The York County Heritage Trust is offering a crash course on genealogy research in January for Yorkers who make it a resolution to trace their family history in the new year.
The trust hosts monthly "Lunch with the Librarians" programs, and January's theme is "who do you think you are?" - mimicked after the popular television show that traces the family histories of celebrities.
The free program, held at 1 p.m.
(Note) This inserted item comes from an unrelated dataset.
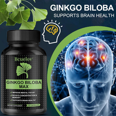 Ginkgo Biloba Capsules - Improves Concentration, Memory and Learning, Promotes Brain Health - 120 Capsules
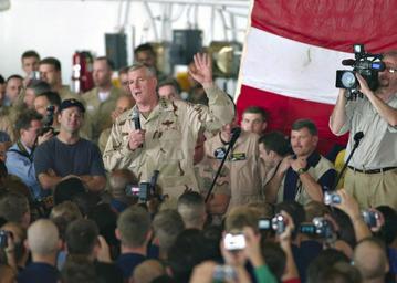 | Keywords: US Navy 031219-N-4669B-001 Joint Chiefs of Staff Chairman Gen. Richard Myers addresses the crew of USS Enterprise (CVN 65) during a holiday special.jpg en At sea aboard USS Enterprise CVN 65 Dec 19 2003 -- Joint Chiefs of Staff Chairman Gen Richard Myers addresses the crew of USS Enterprise CVN 65 during a holiday special The show was hosted by the United Service Organization USO in hangar bay one aboard the nuclear powered aircraft carrier and featured actor/comedian Robin Williams NASCAR driver Mike Wallace and World Wrestling Entertainment wrestler Kurt Angle Enterprise is underway in the Arabian Gulf conducting missions in support of Operation Iraqi Freedom and the continued war on terrorism U S Navy photo by Photographer's Mate Airman Jennifer L Brown RELEASED 2003-12-19 031219-N-4669B-001 Navy http //www navy mil/view_image asp id 11140 U S Navy photo by Photographer's Mate Airman Jennifer L Brown PD-USGov-Military-Navy Richard Myers Aboard USS Enterprise CVN-65 |

Friday, is an informal way for library volunteers to give tips and advice to first-time researchers, said Lila Fourhman-Shaull, director of library and archives at the trust.
Fourhman-Shaull said the monthly programs change in topic, but all of them are genealogy-related for people hoping to trace their history.
But filling in the spaces of a family tree can require more than just looking up birth records: Fourhman-Shaull said
Pennsylvania didn't keep those records until 1906. But the trust has other resources available, including centuries-old church records that date back to before York was officially a county.
Other sources: Fourhman-Shaull said other resources such as property deeds, archived tombstone inscriptions and military records can all play a part in tracing a family history.
Fourhman-Shaull said it is impossible to know how long researching a family might take because it depends on what information a person is looking for: Names and dates are one thing, but connecting with a person and learning more about their life can require some extra research.
But the director says many of the library's volunteers are genealogists by trade and heart, and are "attached at the hip" to people who come in with research they would like to begin.
"They're like trivial pursuit to the nth degree," Fourhman-Shaull said.
Fourhman-Shaull said another goal is to teach people how to keep track of their research so they can organize where they discovered information.
To participate: The director said she caps the monthly workshops at 20 people to keep a more informal atmosphere so people can feel comfortable about asking questions.
The meeting doesn't require any specific materials, but Fourhman-Shaull said attendees should come with some idea of what they would like to research.
"Come equipped with what you know," she said.
Pre-registration is required, and $10 lunches are available for purchase. But Fourhman-Shaull said attendees can also bring their own lunch or eat before coming to the event.
The program will take place at the Historical Society Museum, 250 E. Market St.